Data for processing:
---+---
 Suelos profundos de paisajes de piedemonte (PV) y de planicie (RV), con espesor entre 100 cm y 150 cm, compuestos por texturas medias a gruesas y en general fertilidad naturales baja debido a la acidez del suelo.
---+---
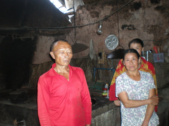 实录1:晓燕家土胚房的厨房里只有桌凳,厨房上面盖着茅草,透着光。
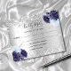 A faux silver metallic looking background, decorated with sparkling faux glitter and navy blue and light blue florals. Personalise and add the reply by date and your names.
---+---
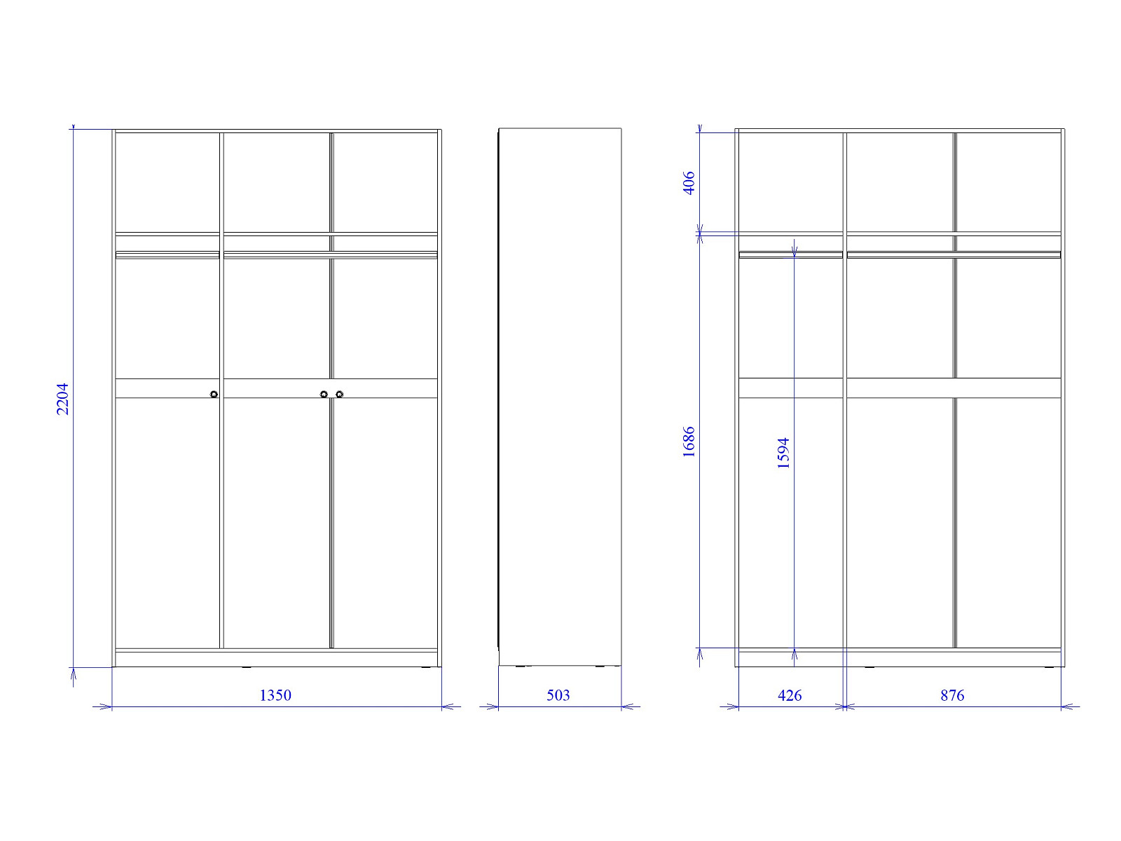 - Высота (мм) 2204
---+---
Instructions for the task: Up in the listing, locate the line with "实录1:晓燕家土胚房的厨房里只有桌凳,厨房上面盖着茅草,透着光。"; print it and every line after it down to the line with "A faux silver", which is included too. Skip the pictures.

Answer area:
 实录1:晓燕家土胚房的厨房里只有桌凳,厨房上面盖着茅草,透着光。
 A faux silver metallic looking background, decorated with sparkling faux glitter and navy blue and light blue florals. Personalise and add the reply by date and your names.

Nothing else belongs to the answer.